> EXERCISE REQUIREMENTS
Begin at the top of the records below and return each line exactly through the line with "- Color-coded for easy gas identification". Skip pictures.

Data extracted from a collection
Segment Open

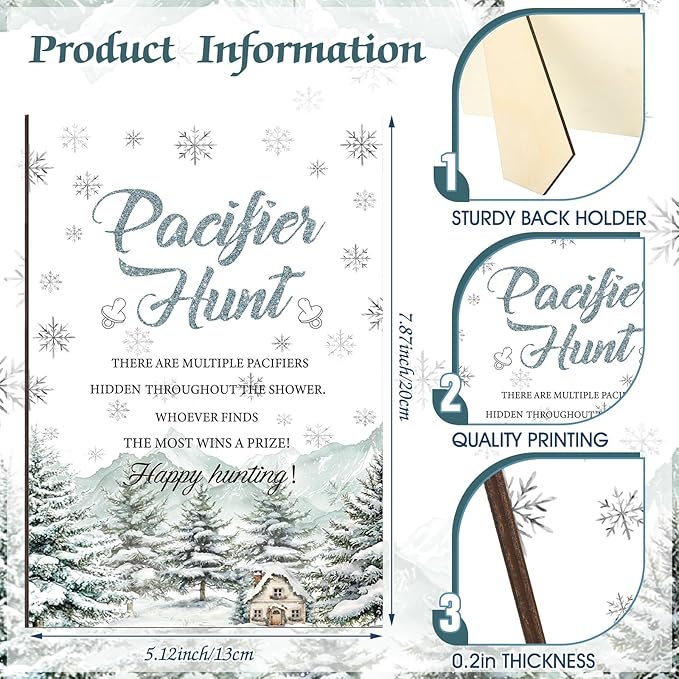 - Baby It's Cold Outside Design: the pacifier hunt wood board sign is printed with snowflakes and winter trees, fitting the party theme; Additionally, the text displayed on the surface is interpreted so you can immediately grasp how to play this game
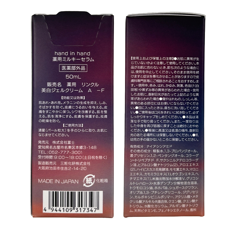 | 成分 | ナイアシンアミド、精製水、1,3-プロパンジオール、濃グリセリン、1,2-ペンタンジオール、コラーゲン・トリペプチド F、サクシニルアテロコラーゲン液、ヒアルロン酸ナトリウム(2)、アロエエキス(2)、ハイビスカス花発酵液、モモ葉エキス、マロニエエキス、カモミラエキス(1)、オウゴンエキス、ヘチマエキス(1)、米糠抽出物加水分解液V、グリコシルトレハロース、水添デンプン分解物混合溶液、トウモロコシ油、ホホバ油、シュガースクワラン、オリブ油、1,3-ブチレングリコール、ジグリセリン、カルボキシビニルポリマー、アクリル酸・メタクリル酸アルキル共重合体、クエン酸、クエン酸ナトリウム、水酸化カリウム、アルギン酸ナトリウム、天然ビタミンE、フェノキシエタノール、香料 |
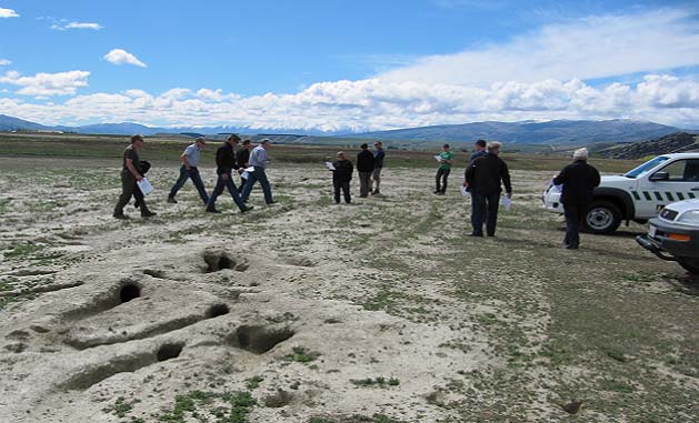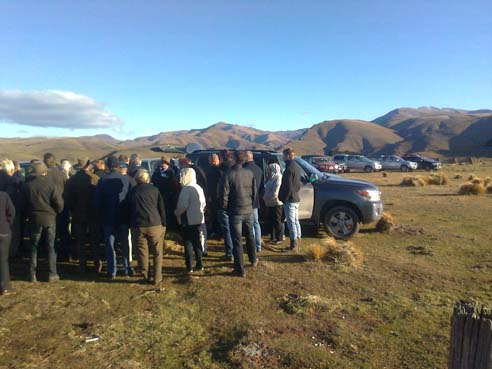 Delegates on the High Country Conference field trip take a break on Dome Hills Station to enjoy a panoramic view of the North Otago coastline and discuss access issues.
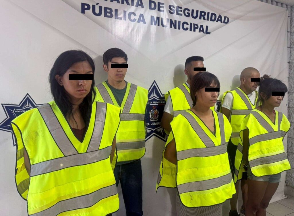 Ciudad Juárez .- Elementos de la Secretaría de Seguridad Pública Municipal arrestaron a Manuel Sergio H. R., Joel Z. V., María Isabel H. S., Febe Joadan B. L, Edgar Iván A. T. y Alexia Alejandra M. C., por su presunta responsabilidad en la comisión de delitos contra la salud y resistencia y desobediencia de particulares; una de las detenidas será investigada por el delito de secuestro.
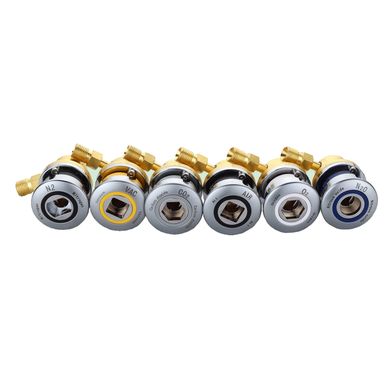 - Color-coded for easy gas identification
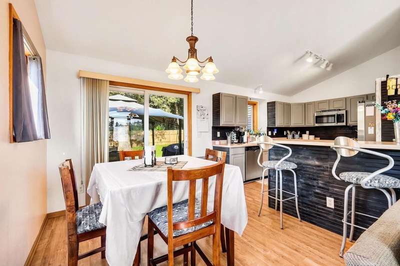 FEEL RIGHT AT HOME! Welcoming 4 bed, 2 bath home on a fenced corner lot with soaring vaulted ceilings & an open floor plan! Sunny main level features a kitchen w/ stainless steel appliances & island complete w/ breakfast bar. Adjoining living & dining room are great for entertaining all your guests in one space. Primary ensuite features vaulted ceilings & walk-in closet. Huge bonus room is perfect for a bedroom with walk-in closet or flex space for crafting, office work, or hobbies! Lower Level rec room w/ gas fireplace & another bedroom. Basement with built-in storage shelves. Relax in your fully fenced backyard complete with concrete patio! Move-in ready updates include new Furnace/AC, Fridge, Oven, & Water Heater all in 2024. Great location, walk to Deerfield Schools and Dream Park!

Segment Closed

> TASK OUTPUT
 - Baby It's Cold Outside Design: the pacifier hunt wood board sign is printed with snowflakes and winter trees, fitting the party theme; Additionally, the text displayed on the surface is interpreted so you can immediately grasp how to play this game
 | 成分 | ナイアシンアミド、精製水、1,3-プロパンジオール、濃グリセリン、1,2-ペンタンジオール、コラーゲン・トリペプチド F、サクシニルアテロコラーゲン液、ヒアルロン酸ナトリウム(2)、アロエエキス(2)、ハイビスカス花発酵液、モモ葉エキス、マロニエエキス、カモミラエキス(1)、オウゴンエキス、ヘチマエキス(1)、米糠抽出物加水分解液V、グリコシルトレハロース、水添デンプン分解物混合溶液、トウモロコシ油、ホホバ油、シュガースクワラン、オリブ油、1,3-ブチレングリコール、ジグリセリン、カルボキシビニルポリマー、アクリル酸・メタクリル酸アルキル共重合体、クエン酸、クエン酸ナトリウム、水酸化カリウム、アルギン酸ナトリウム、天然ビタミンE、フェノキシエタノール、香料 |
 Delegates on the High Country Conference field trip take a break on Dome Hills Station to enjoy a panoramic view of the North Otago coastline and discuss access issues.
 Ciudad Juárez .- Elementos de la Secretaría de Seguridad Pública Municipal arrestaron a Manuel Sergio H. R., Joel Z. V., María Isabel H. S., Febe Joadan B. L, Edgar Iván A. T. y Alexia Alejandra M. C., por su presunta responsabilidad en la comisión de delitos contra la salud y resistencia y desobediencia de particulares; una de las detenidas será investigada por el delito de secuestro.
 - Color-coded for easy gas identification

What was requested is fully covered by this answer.